Camino futuro en las manos del Señor | Octavius Winslow

Por más que tu camino futuro pueda ser nuevo, inexplorado y desconocido, cada paso está explorado, trazado, dispuesto y previsto en el pacto eterno e inmutable de Dios. Para Aquel que nos guía, que nos acepta en el Hijo de Su amor, que conoce el final desde el principio, no es un camino nuevo, incierto u oculto. Le agradecemos que, mientras Él sabia y bondadosamente vela todo el futuro de nuestro conocimiento, todo ese futuro —su más mínimo suceso— es tan claro y visible para Él como el pasado. Nuestro Pastor conoce los caminos curvados a través de los cuales conduce a Su rebaño con habilidad, gentileza y seguridad. Él mismo ha viajado por ese camino y ha dejado las huellas de Su presencia en el camino.

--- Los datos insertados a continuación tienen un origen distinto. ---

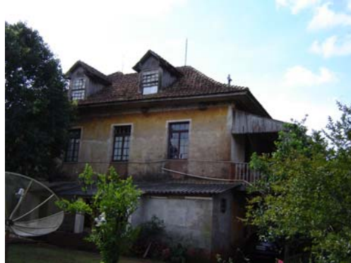
Boate Naimardi Construção de 1906

Y a medida que cada seguidor avanza, el nuevo camino que se muestra a cada paso, puede exclamar exultantemente: «Veo la huella de mi Señor. Aquí fue mi Maestro, mi Líder, mi Capitán, dejándome un ejemplo de que debo seguir Sus pasos». ¡Oh, es un pensamiento repleto de fuerte consuelo y bien calculado para ceñirnos para el próximo año: el Señor conoce y ha ordenado cada paso del camino inexplorado en el que estoy a punto de entrar!

Otra meditación: también la infinita previsión, sabiduría y bondad, que han marcado cada línea de nuestro nuevo camino, también han contemplado toda su necesidad. Cada exigencia de la historia del nuevo año ha sido anticipada. Cada necesidad traerá su suministro apropiado y adecuado. Cada perplejidad tendrá su guía; cada angustia, su consuelo; cada tentación, su defensa; cada nube, su luz. Cada aflicción sugerirá su lección. Cada corrección impartirá su enseñanza. Y cada misericordia transmitirá su mensaje de amor. La promesa se cumplirá al pie de la letra: «Y como tus días serán tus fuerzas» (Dt. 33:25).